Bedard hopes to be back by May, perhaps June. The Mariners have said only that they expect him to pitch at some point during the season.

“I had it in September and was supposed to be back by that same June, July time frame,” Carpenter said. “I ended up having to have that second one. You’ll know. I knew from the first one, I knew it still wasn’t right. The second one, as soon as I started getting my strength back, I knew that I’d be OK.

“When I first started pitching, coming back, my velocity was lower, it was down. But it gradually went up as my arm strength got better. But I wouldn’t expect a whole lot from that point, if he’s coming back in July. I wouldn’t expect him to be himself. I’d expect him to be himself the following year. I don’t know how much you can expect after serious surgery like that.”

Hawksworth, after his surgery in July of 2004, had hoped to come back in 2005, but

after seven Class A starts in rehab, he was shut down due to continued discomfort in his shoulder. In 2006, however, he came back to pitch so well he was named the Cardinals’ minor league pitcher of the year. He has not had arm problems since.

“It’s tough,” Hawksworth said. “I know the shoulder is a very complex joint. There’s a lot more movement in it compared to the elbow. It just takes longer. It takes awhile. And everyone’s different. There’s no set time. It took me two years, and it’s still not normal. I had to reach a point where I said, ‘OK, it’s not going to be like it used to be. You’ve got to go out there and try to make it work.’

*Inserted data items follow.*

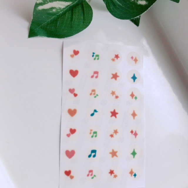 ハート・お星さま・音符が合わせて28パーツもあり、バリエーション豊富なので何に貼ろうかワクワク。
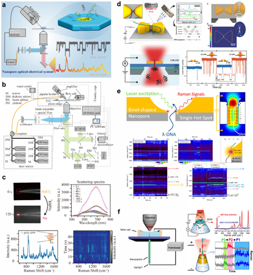 光镊技术可通过聚焦激光束精确操控微米和纳米尺度物体,提升SERS测量的精度与稳定性。部分银包覆的二氧化硅微球作为可光学捕获的SERS移动探针,用于细胞膜的空间扫描检测;光学操控多个金属纳米颗粒形成瞬时“热点”,显著增强SERS信号;等离激元纳米孔系统将贵金属增强效应与传统纳米孔技术相结合,在纳米孔内部产生电磁热点,通过电场控制可实现单分子的高效捕获与分析(图4)。例如,金碗状纳米孔已成功用于DNA碱基的单分子SERS识别,兼具电信号与拉曼信号的同步读取。此外,基于SERS的可穿戴设备也日益成熟,具备非侵入性和便捷使用的独特优势。其中的可穿戴汗液传感器,能检测电解质、代谢物、激素等多种分子,为个性化健康管理和疾病早筛提供了强有力的技术支持。
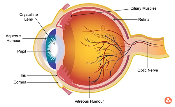 The Cornea: Imagine this to be like a window to a human eye. The cornea contributes to the major refraction of light (bending of light rays) entering our eyes. It forms the clear front surface of a human eye. It also makes sure that foreign substances do not enter the eye.
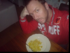 Anledningen till detta inlägg är nämligen att jag gjorde kyckling med currysås i tisdags, som stod klart när hon kom hem. Efter vi hade ätit ställdes detta in i kylen, så man kunde köra det som lunch. Detta åt jag idag, smakade förträffligt. Men Jossan gapade stort om att detta absolut inte gick att äta om det stått mer än 1 dag i kylen... Tror förvisso det är ett släktdrag, för det är flera i släkten som har en enorm respekt/skräck för mat! ;) Kan dock intyga att kyckling och currysås som stått i kylskåpet i 2 dagar går utmärkt att äta!
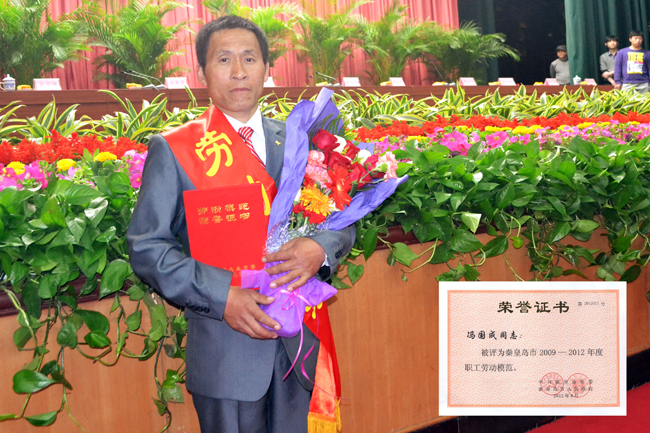 2012年4月24日,秦皇島市2009—2012年度市級勞動模范表彰暨慶?!拔逡弧眹H勞動節(jié)大會在秦皇島工人文化宮隆重召開??底税俚鹿局圃旌笄诓繖C(jī)電主管馮國成同志被授予“秦皇島市2009-2012年度職工勞動模范”榮譽(yù)稱號,并受到了秦皇島市市委、市政府各級領(lǐng)導(dǎo)的親切接見。
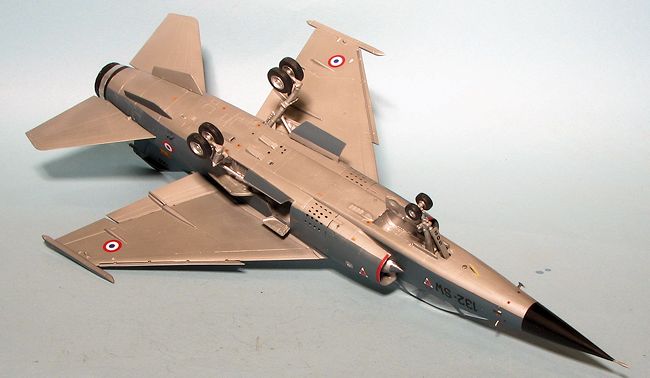 Painting modern jets is often anything but simple, even with non-complex schemes thanks to the need to mask various bits. For this reason, it took me quite a while to get through the painting process. For the main colors I used Xtracolor French Mirage Blue-Grey and French Aluminum for the underside. The nose and anti-glare panels were painted Tamiya Black and I used Steel from Alclad II for an exhaust ring along with Bare Metal Foil for the polished area.
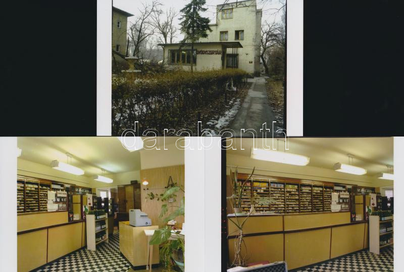 1981 Budapest, Dósa utca 10/6. sz. alatti gyógyszertár belső fotói, 3 db korabeli professzionális felvételről készült modern nagyítás, adatolva a negatívokat nyilvántartó füzetben volt, 10x15 cm
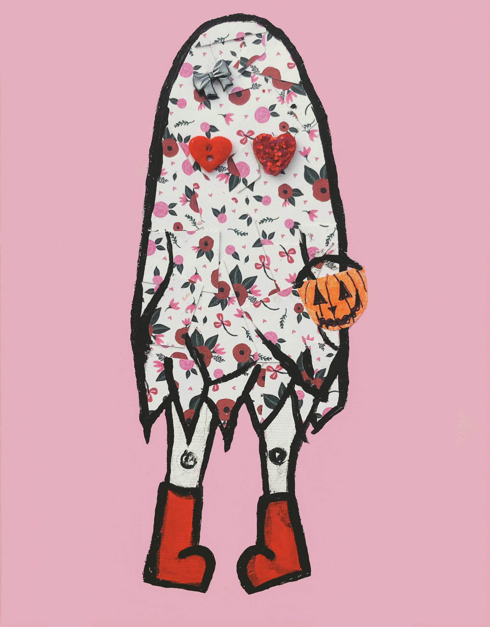 Lucinda Love Ghost! I named her after my favorite font lol. She has also had a cool 70s vibe going on with her floral bed sheet ghost costume, her read heart-shaped eyes (buttons), and her red rainboots. Her little trick-or-treat pail (paper) is filled to the brim with goodies after trick or treating all night!
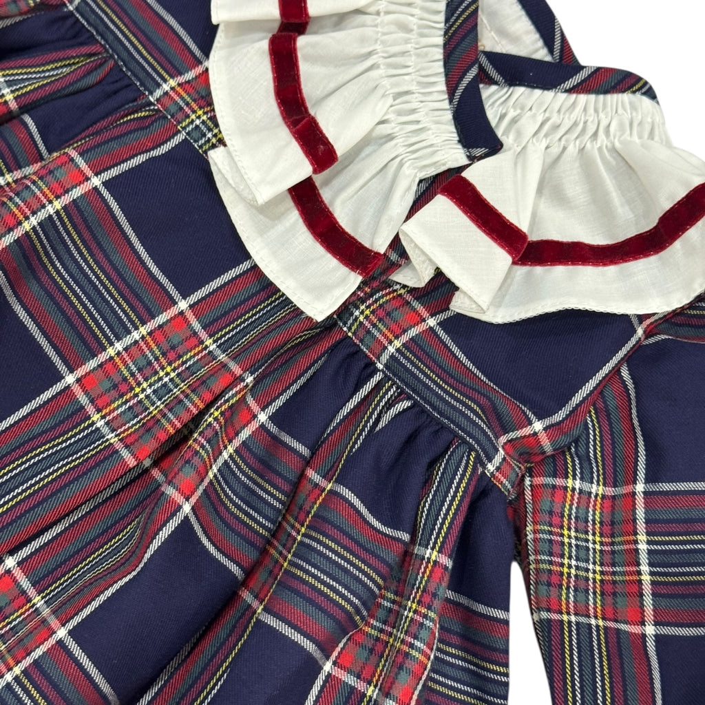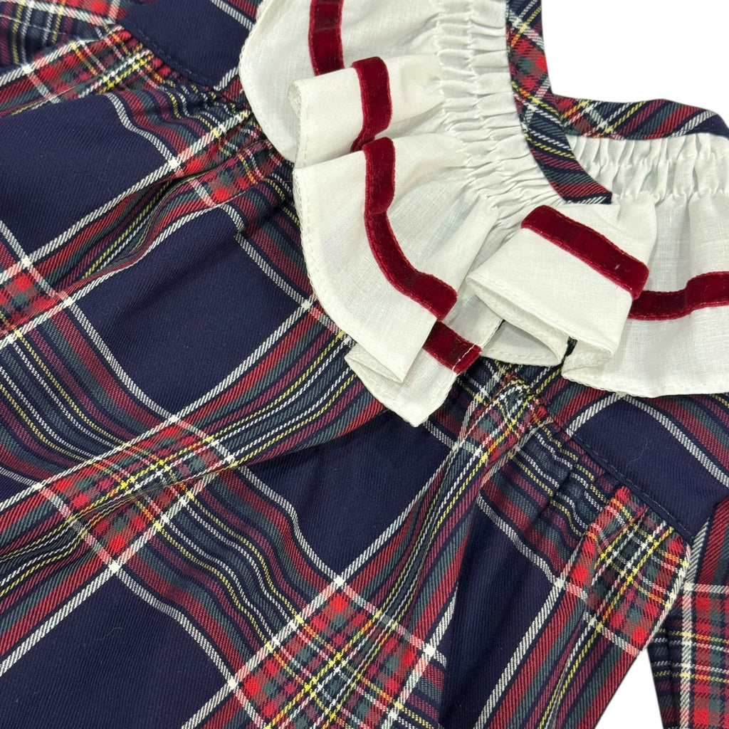 Beautiful navy tartan dress for girls made with an oversized white smocked neckline with a contrasting burgundy velvet trim.

“I’m sure he’ll be fine. I don’t know how severe he tore it. I’ve definitely seen guys come back. Chris Carpenter in here has had multiple shoulder stuff, and he’s the best in the game. So there you go.”

There you go. Carpenter is definitely someone for Bedard to point to — if you ignore the fact it took him 19 months to return to a major-league mound.

“Obviously, I think with a lot of hard work, anybody can do anything,” Carpenter said. “I hope he’s fine.”